Qualità dei ricoveri ospedalieri. Un’indagine pilota nell’Ulss 6 euganea

Qualità dei ricoveri ospedalieri. Un’indagine pilota nell’Ulss 6 euganea

Qualità dei ricoveri ospedalieri. Un’indagine pilota nell’Ulss 6 euganea
Parte ad ottobre e durerà tre mesi. Nel 2019 l’estensione a tutte le altre Ulss. Il Dg Scibetta: “Le performance delle strutture sanitarie non si misurano esclusivamente secondo i criteri di efficacia ed efficienza, ma anche in base alla soddisfazione dei nostri utenti”. Le informazioni sull’esperienza dei pazienti, raccolte su base volontaria e in anonimato, andranno ad alimentare una banca dati appositamente predisposta per il monitoraggio continuativo dell’assistenza ricevuta.

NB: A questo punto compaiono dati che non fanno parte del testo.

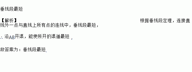 如图,计划把河水引到水池A中,先引AB⊥CD,垂足为B,然后 沿AB开渠,能使所开的渠道最短, 这样设计的依据是_______________.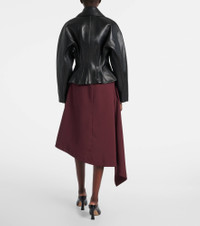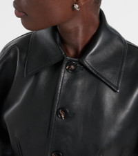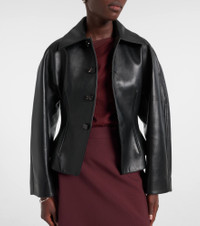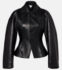 This leather jacket from Bottega Veneta blends an evergreen staple with a modern silhouette. This piece comes with a buttoned front and features a slim, waist-hugging fit contrasted by crescent sleeves. Product Details - Material: 100% lamb leather - Care instructions: specialist clean - Made in Italy - Designer color name: Black - Item color: black - Lining: 100% viscose - Contains non-textile parts of animal origin - Closure: buttoned front - Includes: garment bag - Item number: P01057286 Size & Fit - True to size - Cinched waist - Non-stretchy fabric - Slightly cropped - The model seen in the picture is 178cm-5'10" and wearing a size IT 40

Al via, in Veneto, a un’indagine che permetterà ai pazienti dimessi da ricovero ospedaliero di esprimere la loro opinione sulla qualità della loro esperienza in ospedale. Il progetto PREMs (Patient reported experience measures), che partirà dal dall’Ulss 6 Euganea, è una ricerca permanente promossa dall’Azienda Zero della Regione del Veneto e realizzata in collaborazione con il Laboratorio Management e Sanità della Scuola Superiore Sant’Anna di Pisa, istituto di ricerca specializzato nella misurazione delle performance sanitarie.
 
La fase iniziale di sperimentazione durerà tre mesi e coinvolgerà i centri della Ulss (Cittadella, Camposampiero, Sant’Antonio, Piove di Sacco e Monselice). A inizio 2019, la rilevazione sarà estesa a tutte le altre Ulss del Veneto, “così da favorire l’adozione di uno strumento standardizzato per il confronto a livello regionale delle diverse aziende coinvolte”.
 
“A partire dal mese di ottobre – spiegano in una nota le ricercatrici scientifiche del progetto Federica Covre e Sabina De Rosis della Scuola Sant’Anna – i pazienti che hanno usufruito di un ricovero ordinario negli ospedali dell’Ulss 6 Euganea saranno invitati dal personale infermieristico a compilare un questionario online, con possibilità di farsi aiutare da un proprio familiare o da un accompagnatore. Le informazioni sull’esperienza dei pazienti, raccolte su base volontaria e nel rispetto dell’anonimato, andranno ad alimentare di continuo una banca dati appositamente predisposta per il monitoraggio continuativo dell’assistenza ricevuta”.

L’obiettivo dell’indagine è infatti quello di fornire indicazioni sempre aggiornate sulla soddisfazione degli utenti ricoverati, attraverso l’esplorazione di molteplici aspetti della loro esperienza di ricovero: dalla qualità dell’assistenza ricevuta al coinvolgimento diretto nel percorso di cura, dalla comunicazione con il personale sanitario all’igiene degli ambienti.
 
“Per noi dell’Ulss 6 Euganea – commenta il Direttore Generale dell’Ulss 6 Euganea Domenico Scibetta – è un onore essere stati scelti dalla Regione del Veneto quale ente sperimentatore di questa indagine. Crediamo infatti che le performance delle strutture sanitarie non si misurino esclusivamente secondo i criteri di efficacia ed efficienza, pur fondamentali, ma anche in base alla soddisfazione dei nostri utenti. Il senso di questa nuova rilevazione risiede proprio nella valorizzazione del punto di vista di coloro che usufruiscono del servizio di ricovero, e che noi vorremmo partecipassero in prima persona alla progettazione dei percorsi di cura loro destinati”.  
 
Per Giovanni Faverin dell’Ufficio Comunicazione e Urp dell’Azienda Zero che “il percorso conferma la grande attenzione rivolta dalla Regione Veneto e dalla Direzione regionale sanità e sociale alle persone, alla loro valutazione di gradimento dell’intera esperienza di ricovero”.

La nota dell’Ulss evidenzia, dunque, come “già dalla legge regionale n. 19 , fino alla proposta di piano socio sanitario 2019/2023, in discussione in questi mesi, la nostra regione insieme al laboratorio Mes di Pisa ha fortemente voluto anche questo innovativo strumento di ascolto del cittadino paziente. Lo strumento è dedicato alle persone che curano, cioè i professionisti sanitari, ma anche a chi ascolta, cioè chi si approccia alle cure e ai suoi familiari. Cittadini che raccontano ai professionisti sanitari quali sono i punti di qualità del sistema e che presentano i suggerimenti per migliorarlo. A dimostrazione che il dialogo all'interno del ‘sistema delle cure’ è un aspetto fondamentale”.